Qualitative and quantitative structure activity relationships for the inhibitory effects of cationic head groups, functionalized side chains and anions of ionic liquids on acetylcholinesterase was written by Arning, Juergen;Stolte, Stefan;Boeschen, Andrea;Stock, Frauke;Pitner, William-Robert;Welz-Biermann, Urs;Jastorff, Bernd;Ranke, Johannes. And the article was included in Green Chemistry in 2008.Application In Synthesis of 1-Butyl-3-methylpyridinium Chloride This article mentions the following:
To contribute to a deeper insight into the hazard potential of ionic liquids to humans and the environment, an acetylcholinesterase (AchE) inhibition screening assay was used to identify toxicophore substructures and interaction potentials mediating enzyme inhibition. The pos. charged nitrogen atom, a widely delocalized aromatic system, and the lipophilicity of the side chains connected to the cationic head groups can be identified as the key structural elements in binding to the enzymes active site. With respect to this, the dimethylaminopyridinium, the quinolinium and the pyridinium head groups exhibit a very strong inhibitory potential to the enzyme with IC50 values around 10 娓璏. In contrast, the polar and non-aromatic morpholinium head group is found to be only weakly inhibiting to the enzyme activity, with IC50 values > 500 娓璏. The introduction of polar hydroxy, ether or nitrile functions into the alkyl side chain is shown to be a potent structural alteration to shift the corresponding ionic liquids to a lower inhibitory potential.
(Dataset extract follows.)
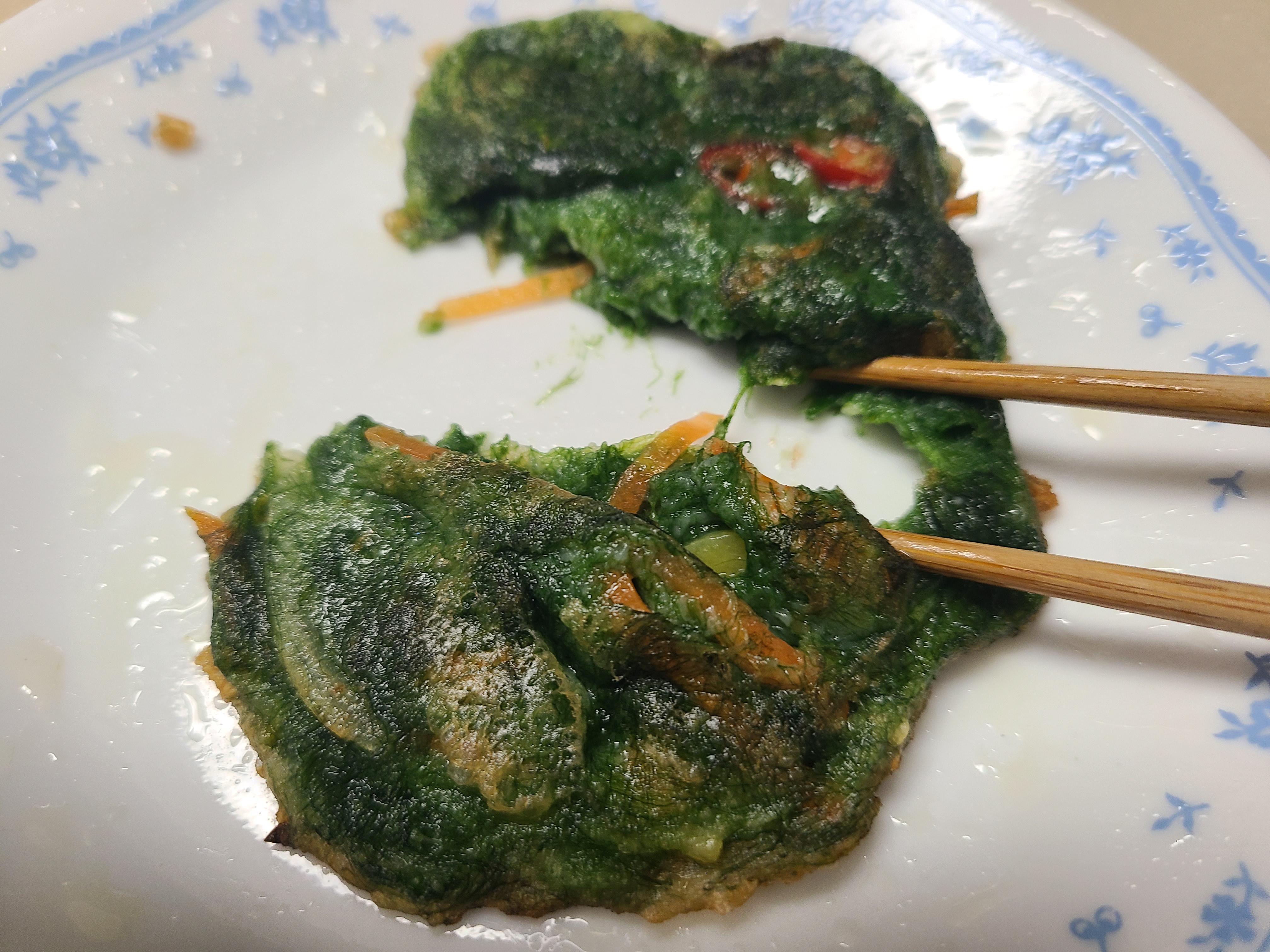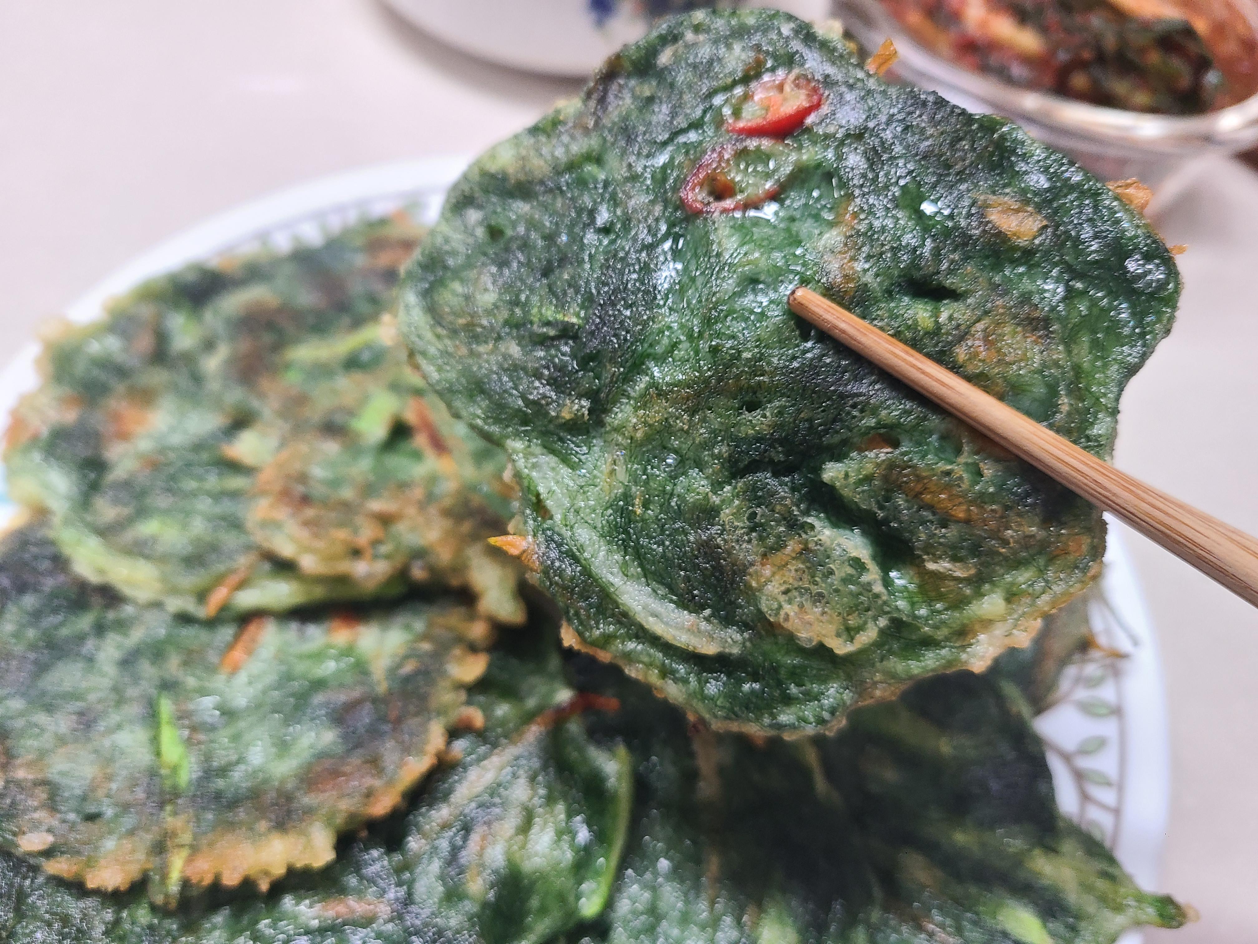매생이를 듬뿍 넣어서 전을 부치니 바다향이 나는 듯하다. 마른 새우가 씹히니 식감이 살아 있는 듯해 좋은데 남편은 싫다고 한다.

Supporting this fact, for a series of imidazolium cations, a QSAR correlation was set up by the linear regression of the log IC50 vs. the logarithm of the HPLC-derived lipophilicity parameter k0. Addnl., a broad set of anion species (inorganic, organic and complex borate anions), commonly used as ionic liquid counterions, was tested and the vast majority exhibited no effect on AchE. Only the fluoride and fluoride containing anion species which readily undergo hydrolytic cleavage can be identified to act as AchE inhibitors. In the experiment, the researchers used many compounds, for example, 1-Butyl-3-methylpyridinium Chloride (cas: 125652-55-3Application In Synthesis of 1-Butyl-3-methylpyridinium Chloride).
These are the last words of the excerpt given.